Modern insurance plans — and, indeed, cases where people remain un- or under-insured — mean that whenever possible, healthcare consumers want to be able to anticipate potential costs as accurately as possible. This is the dawn of “retail healthcare” when it comes to certain anticipated, nonemergency cases, and consumers have a growing array of resources at hand to shop around.
For example, MagicValley.com is featuring a multipart series that helps consumers learn the language and functions of healthcare billing, the better to be prepared to comparison shop.
But even the best-planned medical procedure can create sticker shock, as can be seen in NPR’s Bill of the Month: Estimate For Cost Of Hernia Surgery Misses The Mark. In this case, the consumer in question did his homework so he and his family could prepare and budget for planned hernia surgery — only to learn when the bill came that they and the hospital had vastly underestimated the dollar amount for which he would be responsible:
All the estimates the Balzers had painstakingly obtained were wildly off. The hospital’s bill was $16,314. After the insurer’s contracting discount was applied, the bill fell to $10,552, still 51% over the initial estimate. The contracted rate for the surgeon’s fee was $968, more than double the estimate. After Cigna’s payments, the Balzers were billed $2,304.51, much more than they’d budgeted for.
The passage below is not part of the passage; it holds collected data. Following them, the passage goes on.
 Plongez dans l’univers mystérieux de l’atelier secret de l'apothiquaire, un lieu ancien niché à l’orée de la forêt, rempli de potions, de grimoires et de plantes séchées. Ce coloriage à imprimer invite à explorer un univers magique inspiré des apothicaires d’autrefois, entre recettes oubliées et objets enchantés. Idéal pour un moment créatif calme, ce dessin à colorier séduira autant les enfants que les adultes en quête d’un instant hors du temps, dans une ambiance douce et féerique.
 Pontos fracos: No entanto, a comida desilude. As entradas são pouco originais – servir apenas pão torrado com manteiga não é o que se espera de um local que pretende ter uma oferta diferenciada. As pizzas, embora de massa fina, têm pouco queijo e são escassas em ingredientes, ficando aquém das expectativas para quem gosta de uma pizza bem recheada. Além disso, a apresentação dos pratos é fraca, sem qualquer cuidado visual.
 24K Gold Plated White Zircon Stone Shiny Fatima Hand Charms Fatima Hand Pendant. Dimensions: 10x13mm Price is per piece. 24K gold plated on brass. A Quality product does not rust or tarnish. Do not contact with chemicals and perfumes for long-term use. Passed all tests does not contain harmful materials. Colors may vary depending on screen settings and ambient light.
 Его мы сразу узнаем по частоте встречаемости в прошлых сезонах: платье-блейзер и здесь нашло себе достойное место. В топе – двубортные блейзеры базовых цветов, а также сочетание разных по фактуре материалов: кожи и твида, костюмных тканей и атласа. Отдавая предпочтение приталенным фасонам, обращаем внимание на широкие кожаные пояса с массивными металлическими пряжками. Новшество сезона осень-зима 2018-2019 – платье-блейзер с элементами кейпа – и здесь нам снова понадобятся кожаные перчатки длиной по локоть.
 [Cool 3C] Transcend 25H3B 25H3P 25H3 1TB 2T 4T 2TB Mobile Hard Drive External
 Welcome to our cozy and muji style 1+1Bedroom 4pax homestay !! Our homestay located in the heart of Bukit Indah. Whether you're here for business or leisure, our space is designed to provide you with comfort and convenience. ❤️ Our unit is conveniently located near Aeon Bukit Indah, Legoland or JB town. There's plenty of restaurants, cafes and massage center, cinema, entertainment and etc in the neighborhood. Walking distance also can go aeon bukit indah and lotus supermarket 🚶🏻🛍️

“This is ending up costing us $800 more,” said Farren, 36. “For two working people with two children and full-time day care, that’s a huge hit.”
The hospital ran the code through a computer program that produced an average of what others have paid in the past, but it was either short on data or did not possess the sophistication to provide an accurate estimate. Fortunately, there was a happy ending for the patient:
After a reporter made inquiries about the discrepancy between the estimate and the billed charges — six months after they got their first bill — Pugliese told them to forget it. Their bill would be an “administrative write-off,” they were told.
Generally speaking, there is no recourse for the patient in this kind of situation, although patients are known for complaining about their bills and providers do adjust in certain situations. No healthcare provider can afford to make a habit of this, however! Those best equipped to analyze and thereby anticipate segmented expenses will provide the most favorable conditions for persons shopping for healthcare, whether it’s a hernia operation of any of dozens of nonemergency treatments and procedures.
The EOB service line data is a benefit on the reconciliation for the patient. Being able to extract the data and present it to the patient in a more easily readable, online format, adds value to the patient experience.